Comprehensions are concise, readable expressions for building collections
from iterables. Python offers list, dict, set, and generator comprehensions.
Mastering them -- including nested forms, filtering, and the walrus operator --
is key to writing expressive, efficient Python.

## Key Concepts
- **List comprehensions**: `[expr for x in iterable if cond]`
- **Dict comprehensions**: `{k: v for x in iterable}`
- **Set comprehensions**: `{expr for x in iterable}`
- **Generator expressions**: `(expr for x in iterable)` -- lazy, memory-efficient
- **Walrus operator (`:=`)**: Assignment inside expressions (PEP 572)

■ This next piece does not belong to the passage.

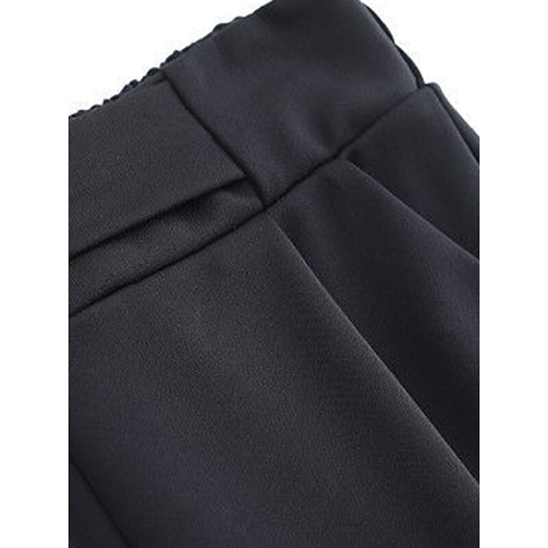 Highlights [Fabric] : Crafted from a high-quality blend of polyester, these women's dress pants offer both durability and a hint of micro-elasticity for comfortable wear throughout the day. The fabric is breathable, ensuring you stay comfortable whether you're at the office or out on the town. [Silhouette] : These full-length trousers feature a high-waisted design that accentuates the natural curves of the body, providing a sleek and professional profile. The straight-leg cut adds to their classic appeal, making them a versatile choice for any wardrobe. [Design Highlights] : The pants are equipped with practical pockets and a stylish high cut, enhanced by a chic belt featuring a metallic buckle for a modern touch. This subtle detail elevates the pants, adding a fashionable flair to the overall design. [Occasions] : Perfectly suited for a variety of settings, these pants transition seamlessly from the office to social gatherings. Ideal for work, business meetings, or stylish streetwear, they are a versatile addition to any fashion-forward wardrobe. [Sizes] : Available in a wide range of sizes, from S to 3XL, these trousers ensure a perfect fit for a diverse range of body types, catering to all your style and comfort needs.

## Section 1: List Comprehensions with Complex Conditions

List comprehensions can include multiple `if` clauses and arbitrary
expressions. They replace verbose `for`/`append` patterns with a single
readable expression.

In [None]:
# Basic filtering and transformation
numbers: list[int] = list(range(1, 21))

# Even squares
even_squares: list[int] = [n ** 2 for n in numbers if n % 2 == 0]
print(f"Even squares: {even_squares}")

# Multiple conditions: numbers divisible by 2 AND 3
div_2_and_3: list[int] = [n for n in numbers if n % 2 == 0 if n % 3 == 0]
print(f"Divisible by 2 and 3: {div_2_and_3}")

# Conditional expression (ternary) in the output
labels: list[str] = [f"{n} (even)" if n % 2 == 0 else f"{n} (odd)" for n in range(1, 8)]
print(f"Labels: {labels}")

# Complex filtering with function calls
words: list[str] = ["Python", "is", "a", "powerful", "language", "for", "data"]
long_capitalized: list[str] = [
    w.upper() for w in words if len(w) > 3 if w[0].islower()
]
print(f"Long lowercase words, uppercased: {long_capitalized}")

# Flattening with conditional: extract digits from mixed data
mixed: list[str] = ["abc", "12", "de3", "456", "fg"]
digits: list[str] = [ch for s in mixed for ch in s if ch.isdigit()]
print(f"All digits: {digits}")

## Section 2: Nested Comprehensions (Matrix Operations)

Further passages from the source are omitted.